I began this talk with an overview of the some of the significant challenges that your generation faces. Depending on your academic and personal interests, you may choose to pursue any number of these challenges such as environmental sustainability, global health, a more equitable distribution of the world’s resources or how to achieve understanding among people of different religious practices and faiths.

But some of you out there must have a penchant for law, for negotiation. Some of you must be peacemakers who know how to bring people together to converse about complicated and challenging topics as to advance a common good. It is to you I speak and to the University of Massachusetts Amherst campus.

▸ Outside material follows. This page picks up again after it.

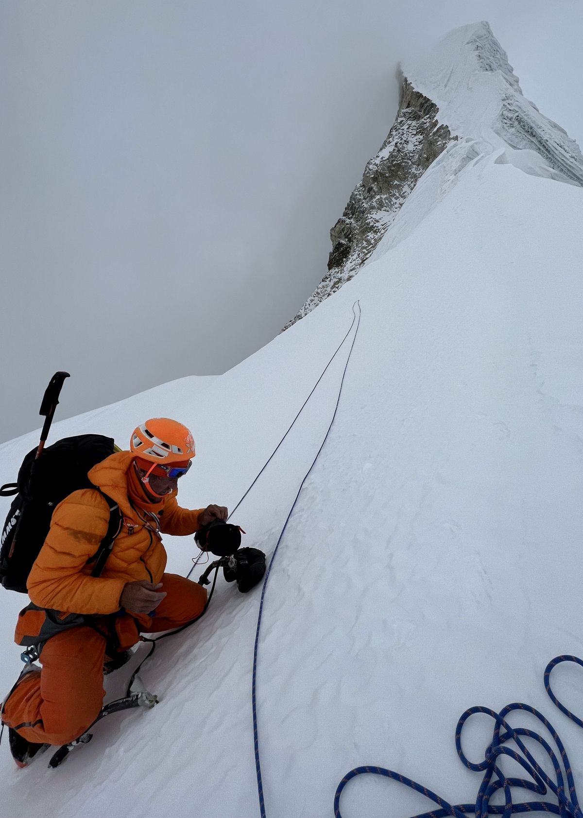 Sestup po hřebenu, který připomínal ostrý hřbet lochnesky, si vzal za své Matěj. Byl jsem tomu rád, jelikož vidíte před sebou ve sněhu stopy, které hlásí „prošel tady člověk a jde to“. Takový placebo efekt či spojení s životem. Je úplně jedno, že jsme s Matějem společně navázaní na lano v rozestupu dvaceti metrů. Pohybujeme se ve společném rytmu, kdy vzájemné jištění necháváme v rukou všemohoucího.  Na obě strany kilometrový padák a každý krok znamená zaseknutí cepínů i kopnutí maček. Jedno i druhé bylo pouhou hrou na jistotu. Ruce i nohy pokaždé trochu popojely, než našly stabilitu v sypkém sněhu. Hodiny ubíhaly a dno údolí se jen neochotně přibližovalo. Těsně před setměním se zbavujeme sněhového příkrovu. Naše nohy připomínající hadrovou panenku, nemotorně našlapují v kamenném moři. Každou chvílí se při došlapu uvolní hromada šutrů, která s rachotem proskotačí někam do přicházející tmy.

Global internet governance is among some of the most important issues that your generation must address. Working collaboratively with other higher educational institutions as well as centers for internet governance that already exist, colleges and universities can bring diverse, international, stakeholders together to think deeply about this challenge. Would we allow criminals, thieves and thugs to run our cities? Of course not. There is no reason why we should allow them to have as much control as they now exercise over the internet. The integrity of our political process – the heart of a democratic republic – is also at stake. It is time to get serious about global internet governance, and I see no reason why such an effort shouldn’t start right here, among us.